The issue which stuck me is how can the firm get the most out of social media with putting generic parameters on what the franchisees can and can’t do (outside the obvious)? This is certainly unchartered territory for many businesses. Social media could be very rewarding to a company in terms of adding to a customers experience with a product or receiving feedback on how the company can improve or what problems to address. If the company knew what the problems were upfront, they would fix them obviously before they became problems but that is not how the game works. Customers want to be told the truth and not bogged down with nonsense. In my youth I had been in a position in a job that I could give the customer the answer they were looking for but held back by very conservative archaic rules that prevented me from giving the customer the best value added experience. That being said with whatever one tweets, blogs, etc it is going to exist forever; how should a firm structure the rules to use the social media interaction the best for both the firm and the client and the overall brand?
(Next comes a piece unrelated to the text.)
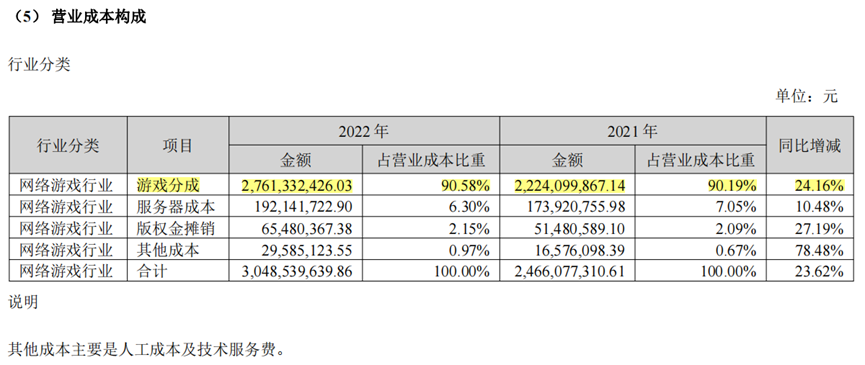 毛利率下滑主要源于营业成本中的“游戏分成”暴增,该数据由2021年的22.24亿大幅增至2022年的27.61亿,同比增长24.16%。三七互娱表示,“游戏分成”主要是给游戏研发商及IP提供商的分成。

2 thoughts on “Many Outlets, One Voice

  1. I can see that there are rules to resolve this and rules that could cause more issues. One thing for certain, regardless of the strategy chosen, is the necessity for communication. The need for communication is paramount between the franchiser and franchisee (in line with “Down to a Science” side note). If the franchiser works to communicate their social media plan with their franchisee’s, it should become clear what the overall message is, what the parameters are and how individual franchisee’s can go about contributing/participating with the overall social media campaign. This does involve creating guidelines for what can be said when interacting with customers because sometimes people just don’t know. This is necessary not just so the firm’s image is uniform but also because we live in an extremely litigious society and when nothing can really be deleted.

    This communication would not be one way, but would be a two way conversation where ideas should be encouraged to not just come from the top but also from the bottom up. By having this discussion, franchise’s should have more of an input and would feel less encouraged to go “rogue”. In instances of a larger corporation, I would also advocate for the implementation of regional SM strategies – this may mean having separate (ex.) Facebook pages for different regions targeted at specific offering for those areas, maintained mainly by the franchisee’s in those areas. This allows for both the overall franchiser’s message and more focused franchisee’s message to be communicated to their target markets which could reduce the chances of customer confusion.

    Since this area is very much developing, communication needs to be part of the larger plan that will help the parties to evolve into their roles together. While these suggestions are just a small portion of what would be a larger social media strategy, it will help to align practices and expectations thus lessening the chance alienating customers and that having that dreaded “oops” moment.

  2. I’ve worked with a startup franchise parent company and we had to deal with this on a weekly basis. The franchisees put so much pressure on the parent company to allow them to create their own facebook pages and twitter accounts. The parent company finally allowed them to do so because they felt that each store did have different customers. It took a lot of trust from the parent company to allow the franchisees to do this but they felt the reward would be worth it. It also took the pressure off of an already small group at the parent company to keep up with each store’s social strategy.